The following clsss attributes are set when fit is run

GenePlexus.min_num_pos (int)

Minumum number of postivies needed to train a model.

GenePlexus.logreg_kwargs (dict)

Keyword arguments for LogisitcRegression function.

GenePlexus.scale (bool)

Whether or not scaling of the data was done in LogisticRegression.

GenePlexus.min_num_pos_cv (int)

The minumum number of positive genes needed for doing cross validation.

GenePlexus.num_folds (int)

Number of cross validation folds to do

GenePlexus.null_vall (None, str, int, float)
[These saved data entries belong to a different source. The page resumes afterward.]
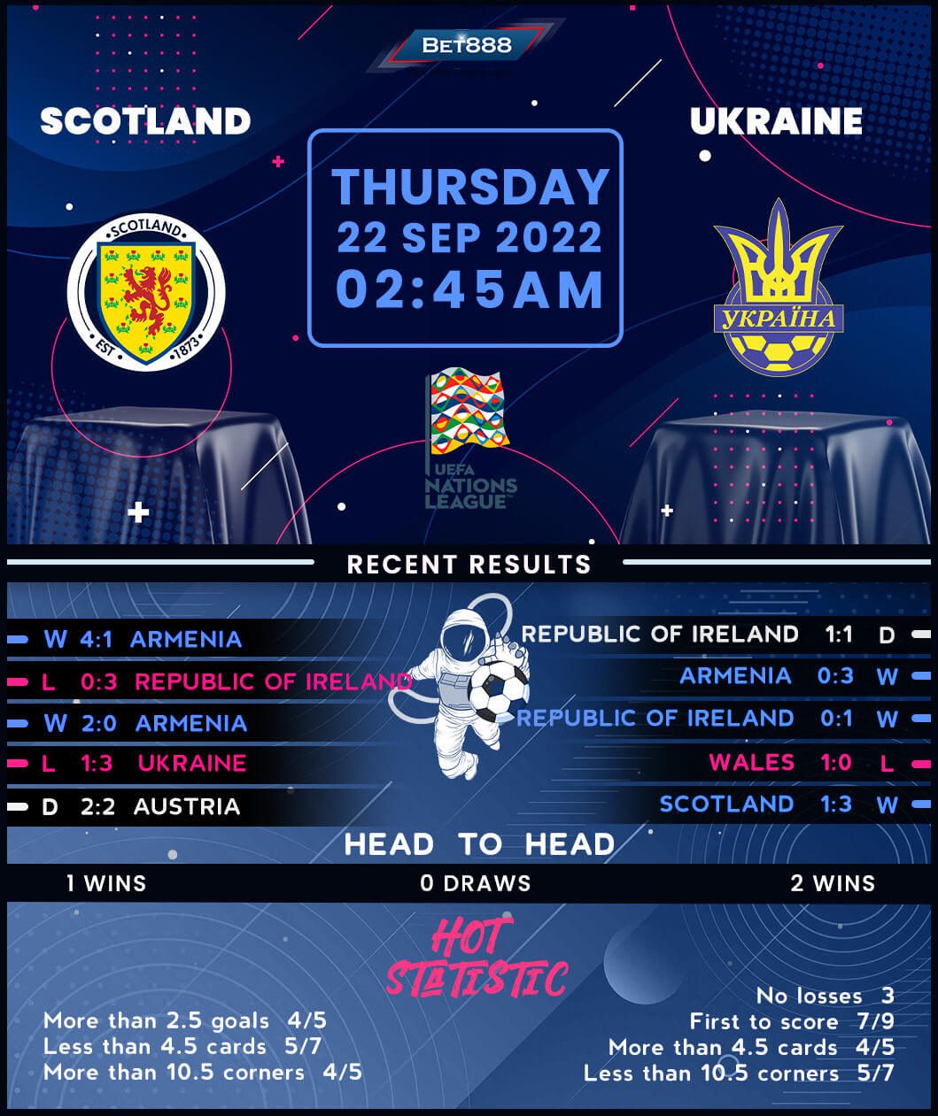 On the other hand, Ukraine’s bid to reach the World Cup finals for the first time since 2006 fell apart in the playoffs final as Wales overcame them 1-0 to send a morale-crippled nation into further disarray. But the resumption of the Ukrainian Premier League in the face of war has brought smiles back to the visiting team’s faces as they aim to maintain their unbeaten Group B1 start (W2, D1). One of Ukraine’s victories in this season’s Nations League came on the United Kingdom’s soil, with Oleksandr Petrakov’s side defeating Ireland 1-0 on matchday one. That success forms part of Ukraine’s decent overall record in the Nations League (W7, D1, L4). It’s worth noting that Roman Yaremchuk & Co only failed to score once in those 12 matches, suggesting Hampden Park could be in for another upset.
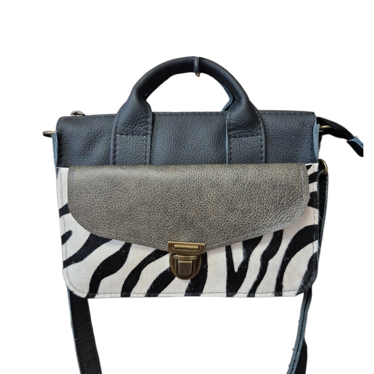 Yfke is uitgevoerd in diepzwart en grijs leer in combinatie met zebra vacht.
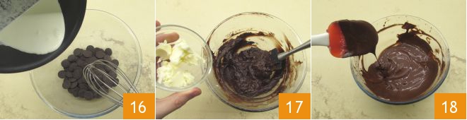 At this point, pour the hot cream over the dark chocolate: we used chocolate chips, but if you have a chocolate bar, you can chop it first 16. Stir with a whisk to melt it and create a cream. Incorporate the butter cut into pieces 17 and stir again until you obtain a fluid sauce 18.

Value to fill in for avgps if cross validation couldn’t be performed

GenePlexus.random_state (None, int)

Seed set for doing cross validation

GenePlexus.cross_validate (bool)

Whether or not to perform cross validation

GenePlexus.model_info[ModelName].pos_genes_in_net (1D array of str)

Input gene Entrez IDs that are present in the network.

GenePlexus.model_info[ModelName].genes_not_in_net (1D array of str)

Input gene Entrez IDs that are absent in the network.

GenePlexus.model_info[ModelName].net_genes (1D array of str)

All genes in the network.

GenePlexus.model_info[ModelName].negative_genes (1D array of str)

Negative gene Entrez IDs derived using the input genes and the background gene set collection (gp_trn).

GenePlexus.model_info[ModelName].neutral_gene_info (Dict of Dicts)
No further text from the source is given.